Poetry |

“The Shape of Moving”

The Shape of Moving

 

 

Someone traces the wind back to where it started,

back before the dinosaurs, and wins a big prize

 

and ends up committing suicide somewhere

out in the desert, which has been getting hotter

 

by the day. It’s where the wind ends, his note says,

and no one finds him for so long he’s been eaten

 

by insects and vultures — all but his bones

and cap, stained by his sweat — just enough

 

to identify his DNA. And as I’m reading his story,

the woman I love most in the world comes into

 

the kitchen and tells me her life has been wasted,

then looks out the window to marvel at the blooming

 

flowers no one has planted, the buzzing

bees no one has summoned.
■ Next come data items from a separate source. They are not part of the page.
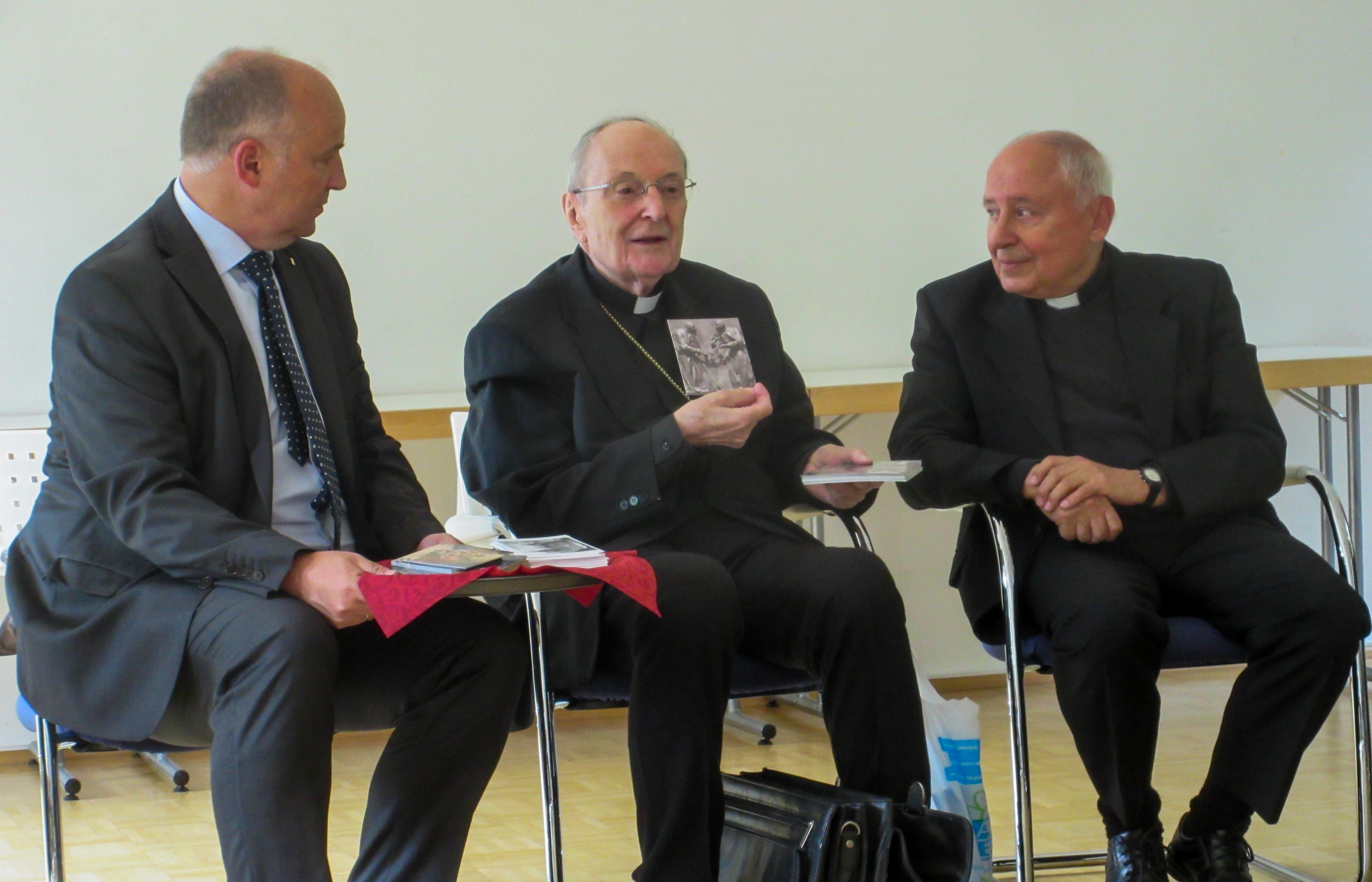 Am Beginn unserer Pilgerreise feierte S. E. Joachim Kardinal Meisner mit uns in der Hauskapelle die hl. Messe und nahm sich anschließend noch Zeit für ein Gespräch. Es war ein herzliches Wiedersehen mit dem emeritierten Erzbischof von Köln, der uns zuletzt im Dezember 2015 in Athen besucht hatte. Am Nachmittag fuhren wir in das berühmte Benediktinerkloster „Maria Laach“ mit seiner über 900 Jahre alten romanischen Kirche, in der wir an der Vesper der Mönche teilnahmen.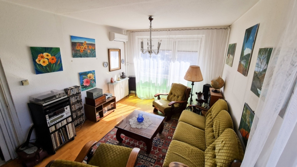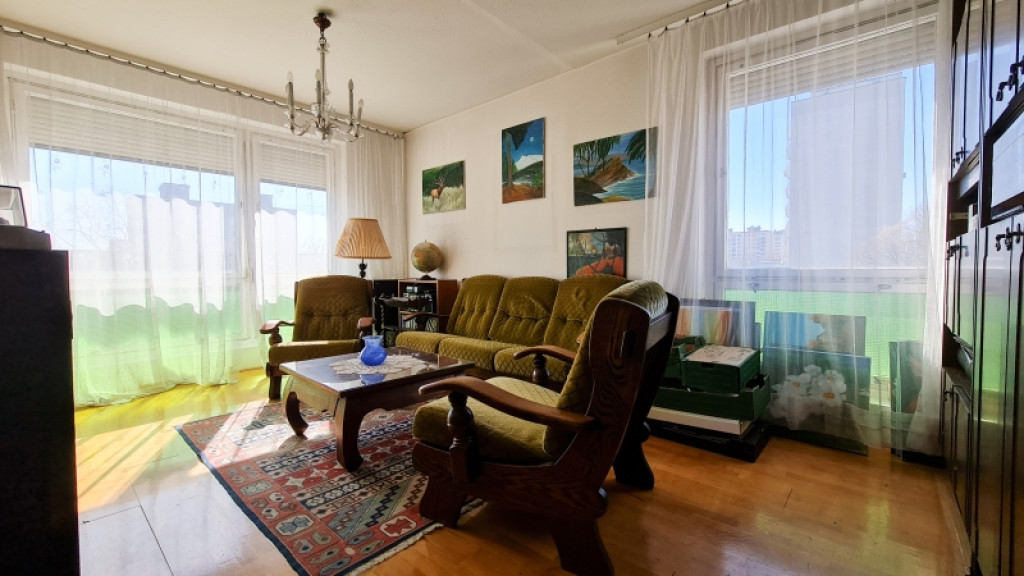 Az eredeti erkélyt beépítették, így a nappalin kívül három külön szoba áll rendelkezésre,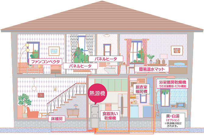 給湯機能に加えて、暖房や乾燥のための温水をつくり、循環させます。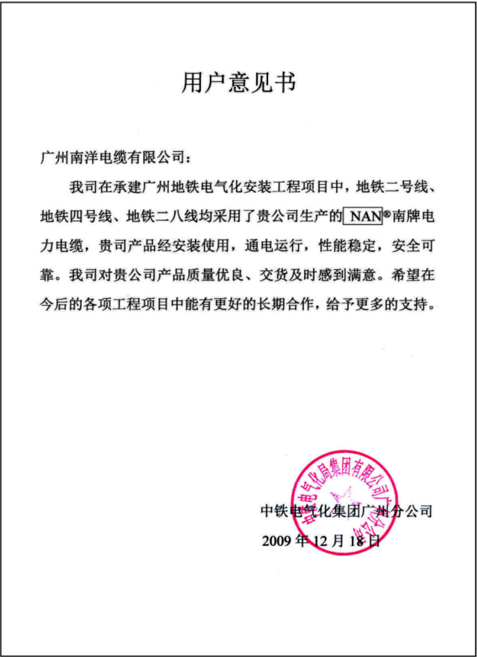 广州地铁电气化安装工程项目用户意见书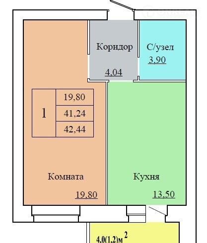 Общая площадь 42.4 м2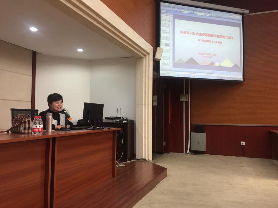 汪澎老师的宣讲主要聚焦于十九大报告中提出的“中国特色社会主义进入新时代,我国社会主要矛盾已经转化为人民日益增长的美好生活需要和不平衡不充分的发展之间的矛盾”,从四个方面分析了我国社会主要矛盾这一关系全局的历史性变化:社会主要矛盾的新变化、社会主要矛盾缘何而改变——新时代、社会主要矛盾新变化带来新要求、社会主要矛盾新变化的时代意义。同时汪澎老师指出:人民日益增长的美好生活需要和不平衡不充分的发展之间的矛盾同人民日益增长的物质文化需要同落后的社会生产之间的矛盾,并不是对立关系,两个判断既相互区别,又相互联系。我国社会主要矛盾的变化并没有改变我国社会主义所处历史阶段的判断,我国仍处于并将长期处于社会主义初级阶段的基本国情没有变。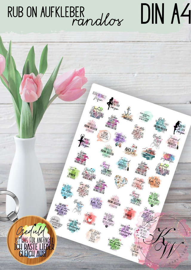 Mit diesen Rub-On Sticker lassen sich glatte Oberflächen wie Glas, Kunststoff, Holz, u.ä. wunderschön dekorieren und individualisieren. Sehr gut geeignet sind sie auch für Gießmassen.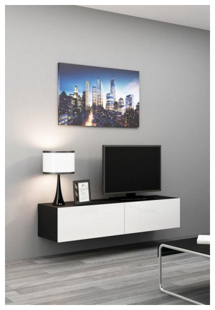 Cama Meble Ντουλάπι RTV VIGO '140' 30/140/40 μαύρο/λευκό γυαλιστερό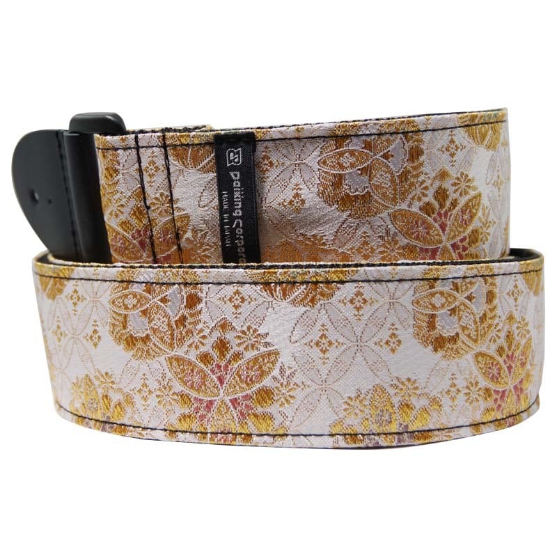 京都で生産される西陣織りの生地を使用したギターストラップです。自社工房にて製造しています。白地に伝統の七宝柄が金糸で表現された艶やかな柄です。
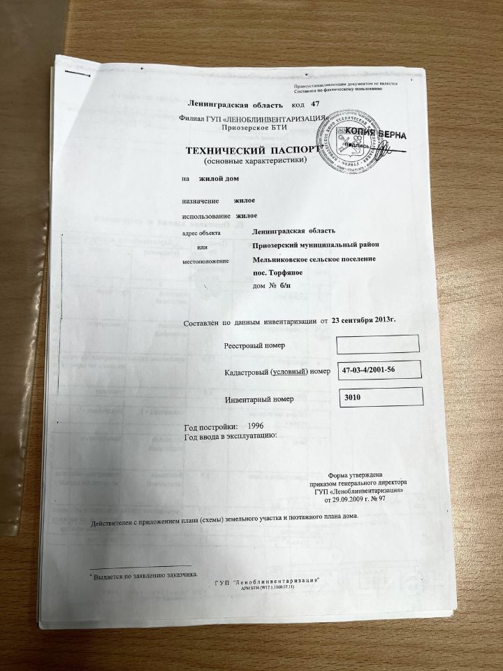 Дом Дедовский из бруса , но крепкий - жилой, две печи. на участке два колодца с питьевой водой . Банька. Возможна регистрация. От жд станции Отрадное ходит автобус до пос. Торфяное , рядом большое озеро Коммомольское . В поселке есть очень красивый Храм иконы Николая Чудотворца. Есть магазин . Центральные дороги - асфальт. От шоссе Приозерского до поселка - дорога грунтовка. Вокруг лесной массив - ягоды,грибы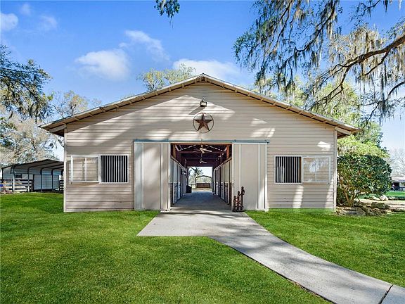 Mini farm paradise awaits you on this peaceful 4.5 acre well located farm only 15 minutes to the new World Equestrian Center in Ocala, Florida! The views from the front and back deck of the immense grand daddy oaks and grass fields will astound you. The house boasts 3 bedrooms plus a den, fireplace, expansive kitchen, large master bathroom & gorgeous views of the property from the large front, side and rear decks. The center aisle barn has 6, 12' x 14' stalls, tack room with laundry, half bath and feed room with sink. There are 6 large grass paddocks with water, room for an arena, hay storage, wash rack & a car port. This turn-key horse farm will not disappoint you!

Yesterday

 

a neighbor stopped by to tell us the yellowjacket

wasps were swarming through the woods, stinging

 

every human they could find, and when we wondered

why they were so restive, he ventured a theory

 

that all the new houses were disturbing the soil

where the wasps hibernate, and he wondered if they thought,

 

somehow — if wasps think at all — that they might

sting us away? When he left, we packed up

 

a bottle of wine and some glasses and walked up

to the man-made lake at the edge of the woods

 

a mile or so away. We sat and watched the evening

blow across the water like a small bird might do

 

before landing in the trees on the other side, to sing.

And so we drank our wine and listened for a while,

 

then slowly walked back through the darkness.